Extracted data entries
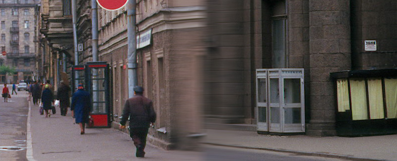 По поводу жёлто-красной телефонной будки, вызвавшей сомнения относительно "приписки" к определённому городу: по конструктиву она ленинградская. Такие точно были в 80-х годах и даже раньше. Но цвет точно не тот. Были тёмно-красные с чёрным или серым. Изображённая на фото скорее всего перекрашена. И фото явно 90-х годов. Таксофон внутри кажется кномочный.
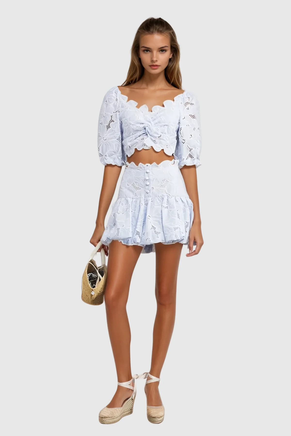 Elevate your wardrobe with the Embroidered Cutout Skirt Set , expertly crafted to blend intricate embroidery with modern cutout detailing. This set offers a sophisticated silhouette highlighting craftsmanship and style, perfect for refined elegance. The delicate embroidery enhances texture and visual interest, while cutouts provide a contemporary edge. Ideal for fashion connoisseurs seeking both tradition and trend. Non-stretch material. Clean with gentle machine wash. Color variations due to lighting. Add this chic essential to your collection today!
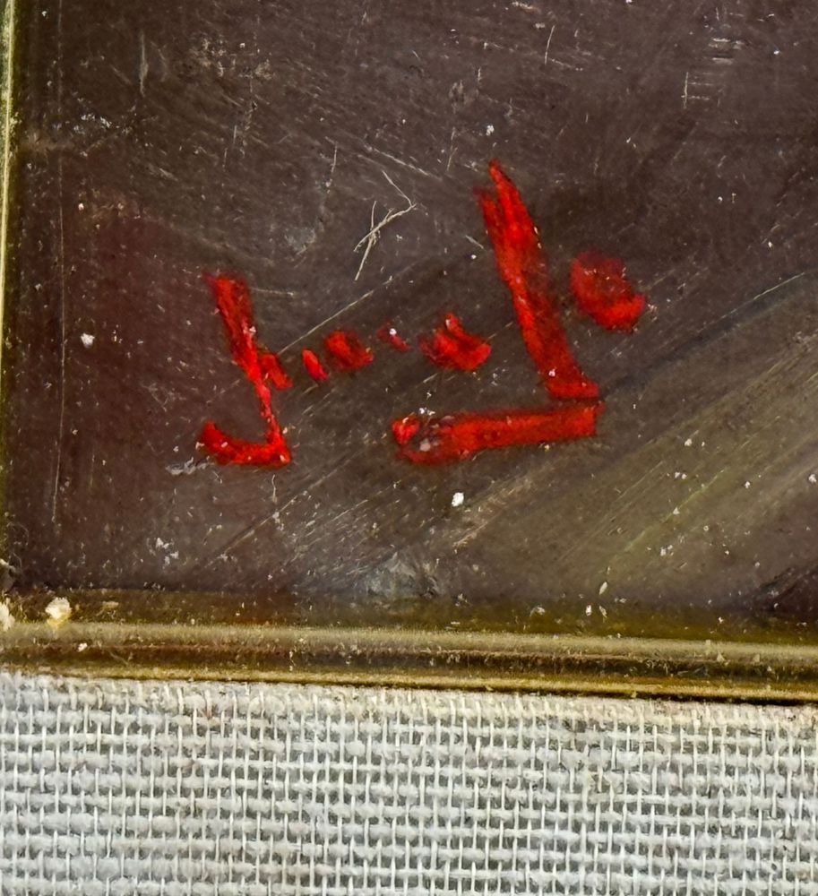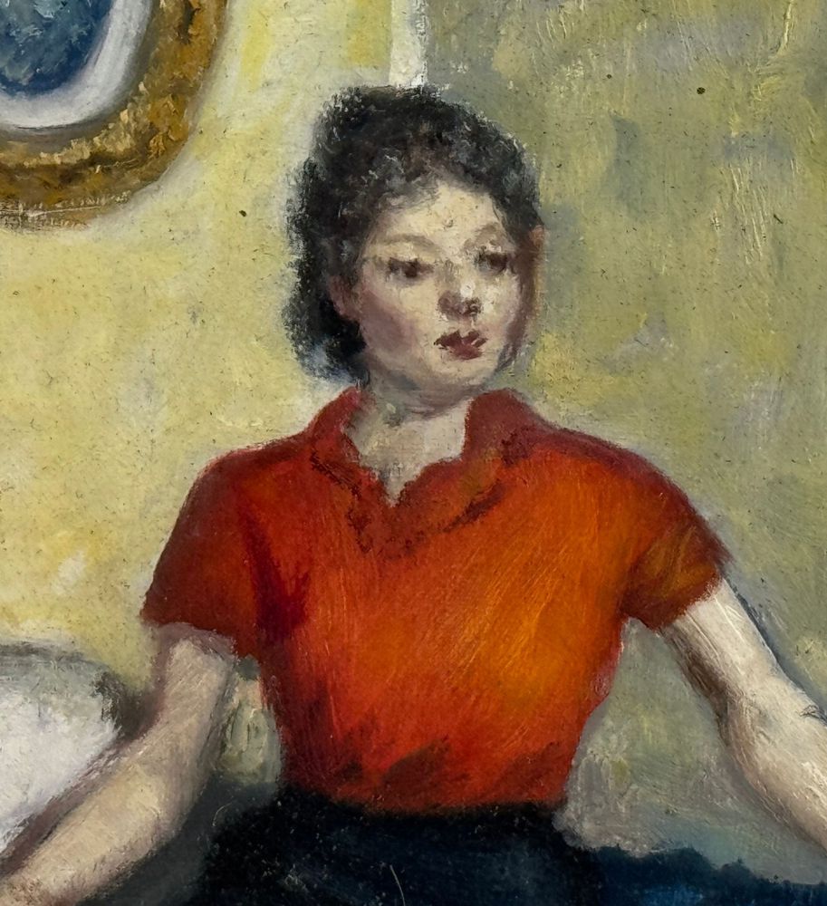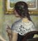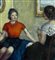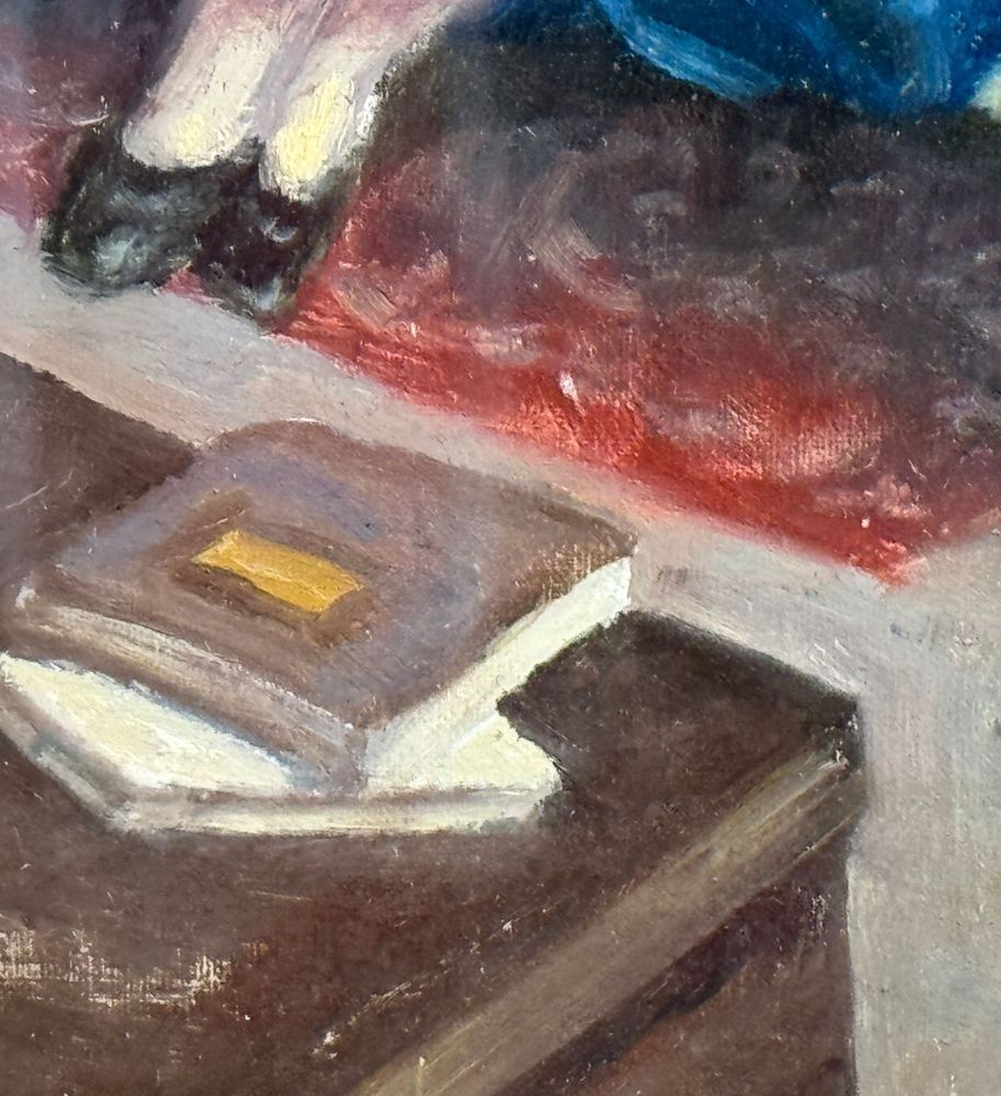 Dipinto olio su tela applicata su pannello, periodo prima metà del XX secolo scuola Europea, raffigurante Due donne in un interno. Dimensioni compreso cornice: 45x56 cm. Dimensioni interno cornice: 30x40 cm. Reca firma in basso a sinistra da artista non identificato. Opera in buone condizioni.
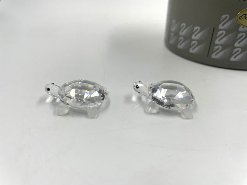 Artikelnummer: G25269Swarovski 2 schildpad baby's met gematteerde pootjes, inclusief doos en certificaat.
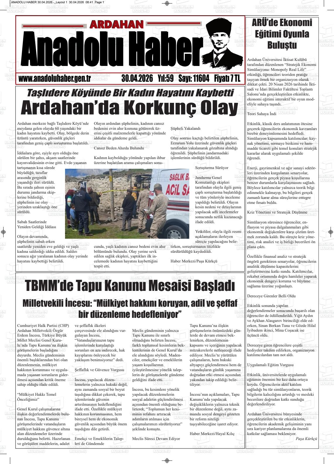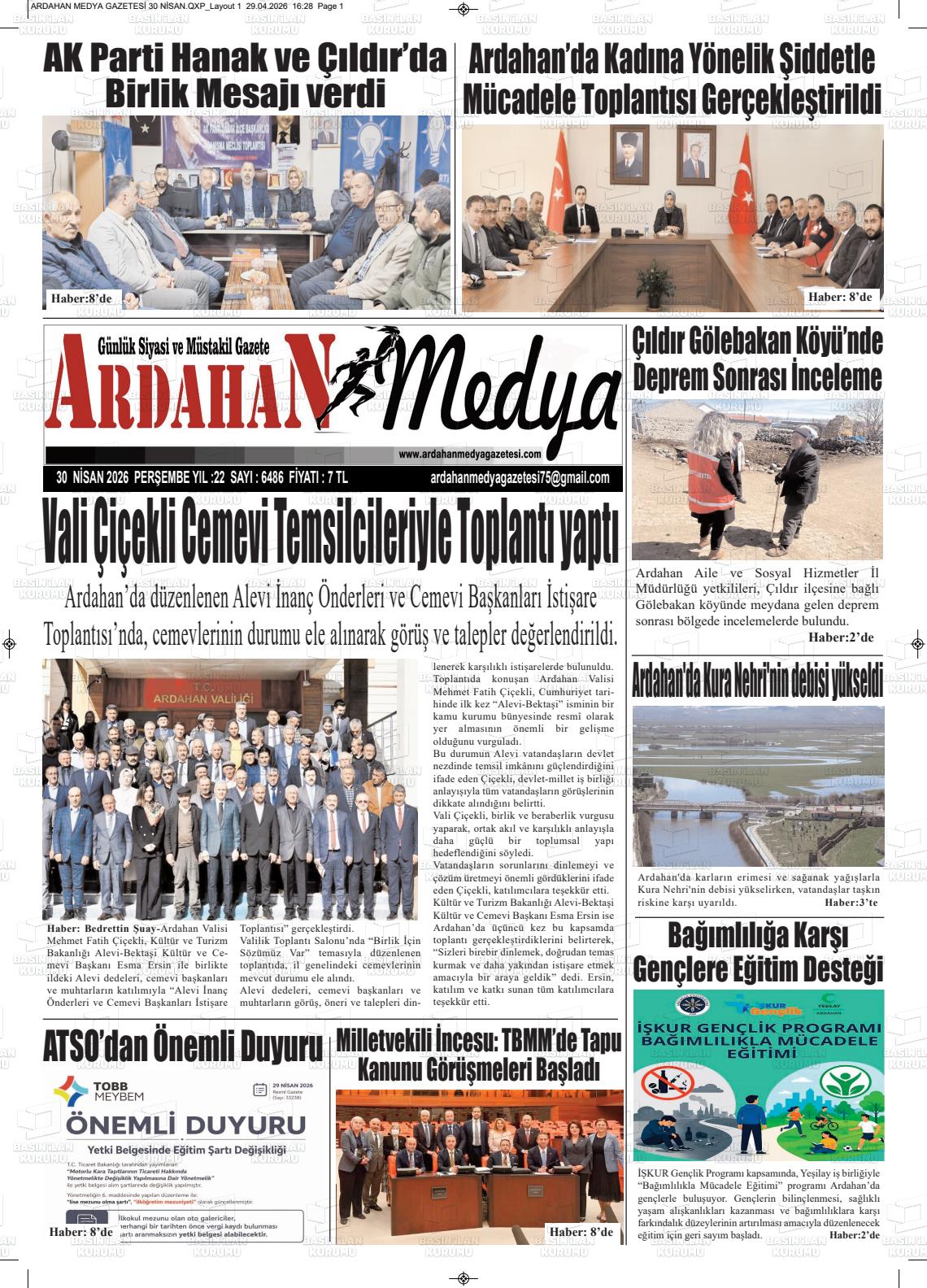 Ardahan Yerel Gazeteleri 30 Nisan 2026, Perşembe Günü Manşeti

*Exercise objective*
Could you print all of the entries exactly, skipping the images?

*Exercise result*
 По поводу жёлто-красной телефонной будки, вызвавшей сомнения относительно "приписки" к определённому городу: по конструктиву она ленинградская. Такие точно были в 80-х годах и даже раньше. Но цвет точно не тот. Были тёмно-красные с чёрным или серым. Изображённая на фото скорее всего перекрашена. И фото явно 90-х годов. Таксофон внутри кажется кномочный.
 Elevate your wardrobe with the Embroidered Cutout Skirt Set , expertly crafted to blend intricate embroidery with modern cutout detailing. This set offers a sophisticated silhouette highlighting craftsmanship and style, perfect for refined elegance. The delicate embroidery enhances texture and visual interest, while cutouts provide a contemporary edge. Ideal for fashion connoisseurs seeking both tradition and trend. Non-stretch material. Clean with gentle machine wash. Color variations due to lighting. Add this chic essential to your collection today!
 Dipinto olio su tela applicata su pannello, periodo prima metà del XX secolo scuola Europea, raffigurante Due donne in un interno. Dimensioni compreso cornice: 45x56 cm. Dimensioni interno cornice: 30x40 cm. Reca firma in basso a sinistra da artista non identificato. Opera in buone condizioni.
 Artikelnummer: G25269Swarovski 2 schildpad baby's met gematteerde pootjes, inclusief doos en certificaat.
 Ardahan Yerel Gazeteleri 30 Nisan 2026, Perşembe Günü Manşeti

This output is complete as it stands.